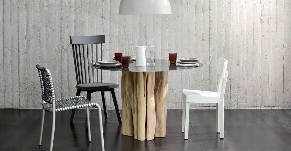 Dining round table with 36 Brick from Italian manufacturer Gervasoni. Model of the collection Brick. Tabletop metal. The base is natural wood, stripped of bark. Colours in stock.
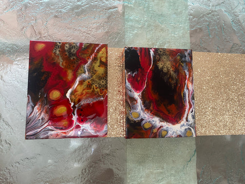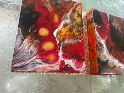 This is an intuitive application and manipulation of the resin medium depicting a cataclysm of pigment colours. The pigment and resin are on a board ready to hang.
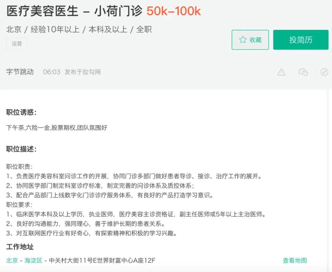 目前,小荷门诊正在招聘医疗美容医生和医美护士。

• [Exercise prompt]: The required output is every line from the one containing "This is an intuitive" through the last line of the data above, restated exactly and without pictures.

• [Answer to this task]:
 This is an intuitive application and manipulation of the resin medium depicting a cataclysm of pigment colours. The pigment and resin are on a board ready to hang.
 目前,小荷门诊正在招聘医疗美容医生和医美护士。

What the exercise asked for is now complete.